Canned tuna is an affordable and popular source of protein around the world. There are five species of tuna that make up most of the commercial market: skipjack (Katsuwonus pelamis), albacore (Thunnus alalonga), yellowfin (Thunnus albacares), bigeye (Thunnus obesus), and bluefin (Thunnus thynuss). All tuna fall belong to the Thunnini tribe, a classification  within the Scombridae, or mackerel, family. Of these five species, skipjack and albacore make up the majority of canned tuna, while bigeye, bluefin, and yellowfin are primarily used in sushi and sashimi. Species vary in size and lifespan from the 40-pound skipjack that lives up to ten years, to the 1500-pound bluefin with an average lifespan of 40 years. Tuna are both predatory and migratory and are found in most of the large oceans around the globe. The biggest threat posed to tuna species is overfishing.
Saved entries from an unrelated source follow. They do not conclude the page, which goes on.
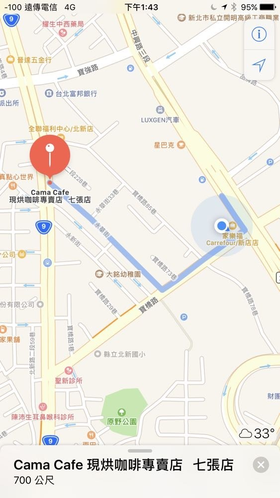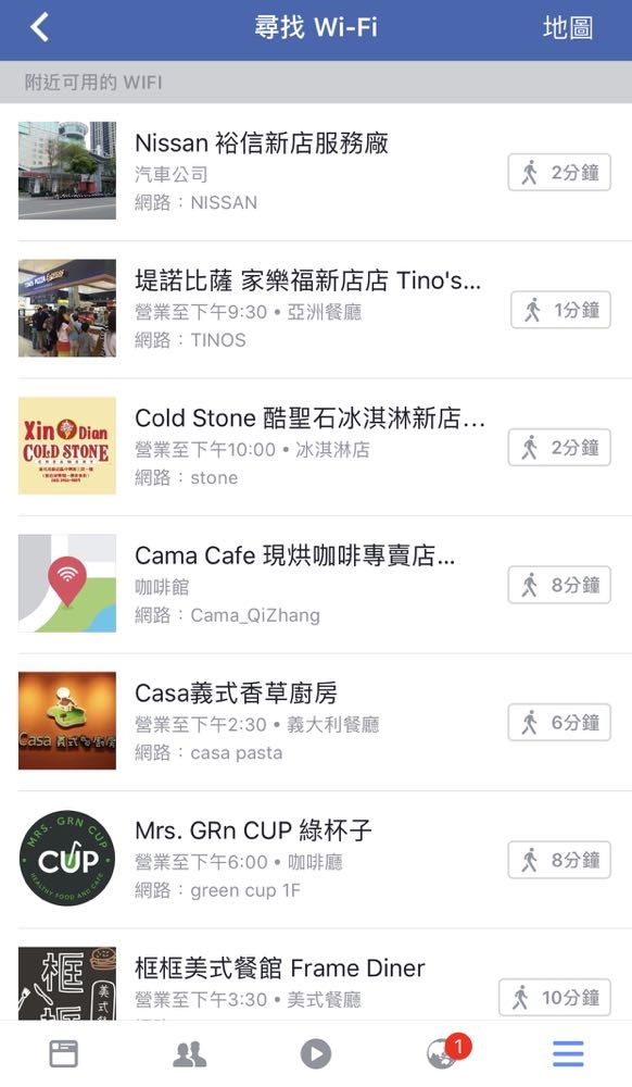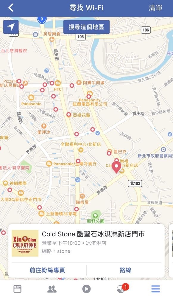 只要點進去「尋找 Wi-Fi」,我們可以看到 Facebook 會以我們目前的位置進行定位後,再顯示附近有提供 Wi-Fi 的店家資訊。點進有興趣的店家,還能進一步的提供 Facebook 粉絲頁資訊 (不愧是 Facebook 地主優勢) 與進行路線規劃!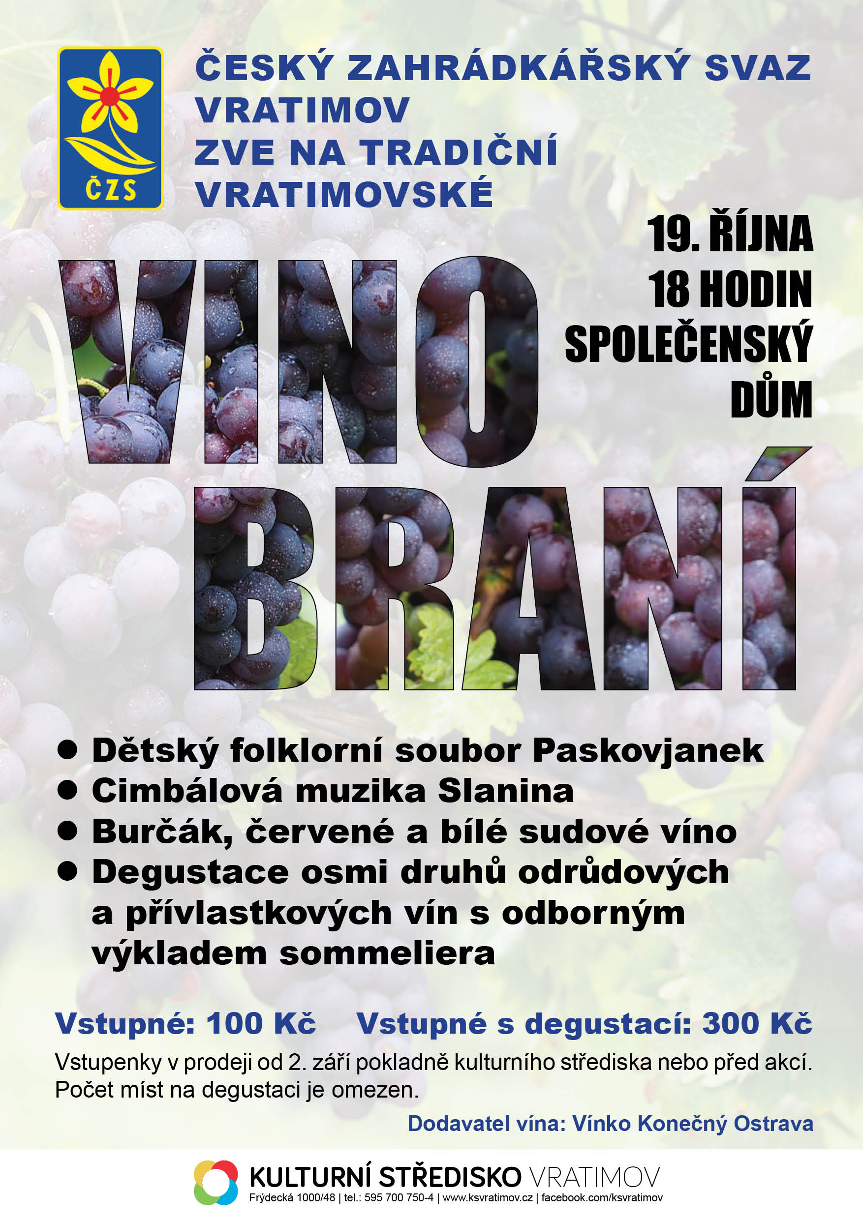 V sobotu 19. října 2019 od 18 hodin vás Český zahrádkářský svaz zve na tradiční vratimovské Vinobraní.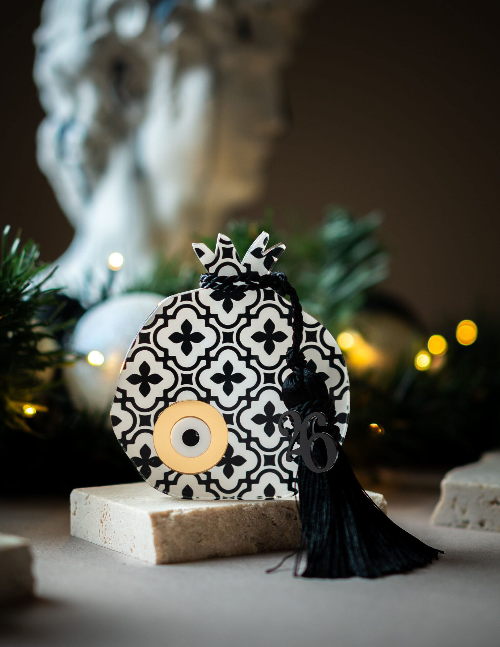 Επιτραπέζιο Γούρι Ρόδι Μοτίβο Ασπρόμαυρο 2026 από την εταιρεία Nous Concept.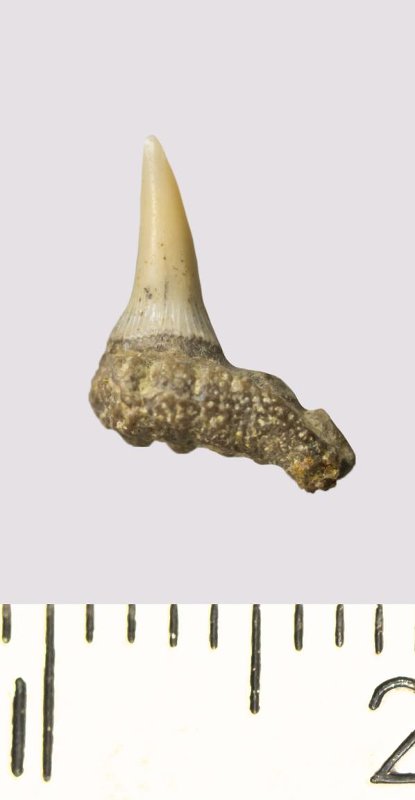 Зуб. Акула. Paraorthacodus sp. Классификация: Хордовые Chordata, Позвоночные Vertebrata, Хрящевые рыбы Chondrichthyes, Пластиножаберные Elasmobranchii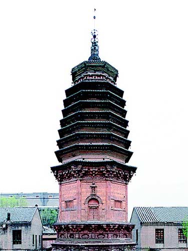 渾源圓覺寺塔(金代)平面呈等邊八角形,密檐式,九層,全部磚砌,高30米。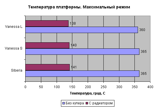А тепловые характеристики у кулера Siberia в наших опытах оказались лучше, чем у Vanessa S и L-type. И дело здесь вовсе не в том, насколько эффективны тепловые трубки. Судя по всему, свою непосредственную роль условного переноса поверхности съема тепла из точки А в точку В они выполняют неплохо. В ноутбуках они становятся уже незаменимыми, а в обычных персональных компьютерах места для радиатора пока, вроде бы, хватает. Но, по замыслу авторов, их применение в данных условиях позволяет существенно увеличить размеры радиатора и тем самым повысить теплосъем с процессора. Посмотрим, так ли это эффективно. На следующих рисунках представлены температуры платформы для наших моделей без включения их вентиляторов. То есть, оценивается работа только радиатора в условиях чисто естественно-конвективного отбора тепла.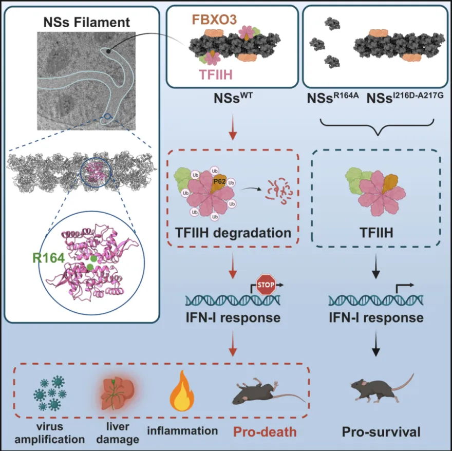 文章模式圖:NSs蛋白重塑的FBXO3-NSs filament介導(dǎo)TFIIH復(fù)合體降解,系統(tǒng)性拮抗宿主IFN-I反應(yīng),促進(jìn)RVFV感染致病
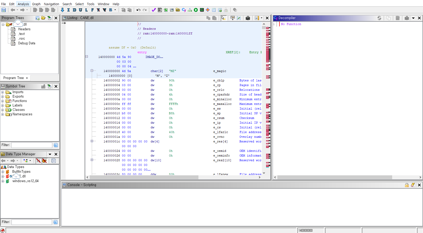 GHIDRA가 제공하는 기능으로는 디컴파일, 디스어셈블리, 프로젝트 공유, 디버깅 등이 있습니다.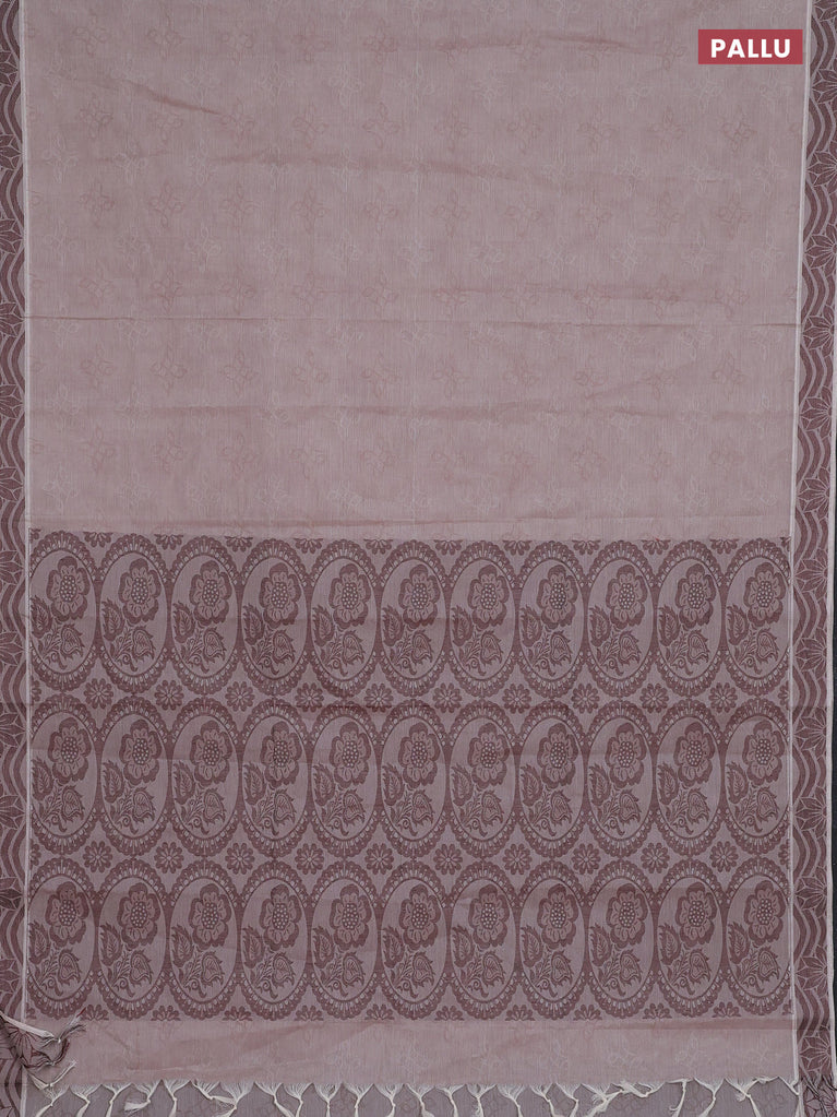 Coimbatore cotton saree deep jamun shade and sandal with allover self emboss and thread woven border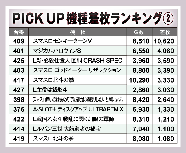 『マイジャグラーV』では、設置26台中15台がプラス差枚を記録! その他の『ジャグラーシリーズ』も含めゲーム数もしっかりと回されており、多くのファンがしっかりと確信を持って遊技していたことがわかる。さらにその光景はバラエティコーナーでも見ることができ、『L新・必殺仕置人 回胴 CRASH SPEC』や『スマスロ ゴッドイーター リザレクション』などの設置台数1台の機種が大活躍! 差枚3,000枚オーバーを記録する台が続出し、遊技していたファンは存分に実力を発揮する各機種の盛り上がりに、喜びの表情を浮かべていた。

Canned tuna is usually classified into two categories: light meat tuna, which is mostly skipjack and sometimes yellowfin, and white meat tuna, which is usually albacore. The three major brands of canned tuna sold in the United States are Starkist, Chicken of the Sea, and Bumble Bee. These brands make up over 80 percent of canned tuna consumption in the U.S. (though several smaller labels are available commercially). Most tuna fishing occurs in the Pacific Ocean. Other fishing sources, in order of fishing yield, are the Indian Ocean, the Atlantic Ocean, and the Mediterranean Sea. The countries that produce the most in tuna fishing yield are Indonesia, Japan, and the Philippines. Thailand is now the site of the majority of the world’s tuna processing plants, processing approximately 25% of the world’s canned tuna. The majority of Thailand’s canned tuna is exported to the United States and the European Union.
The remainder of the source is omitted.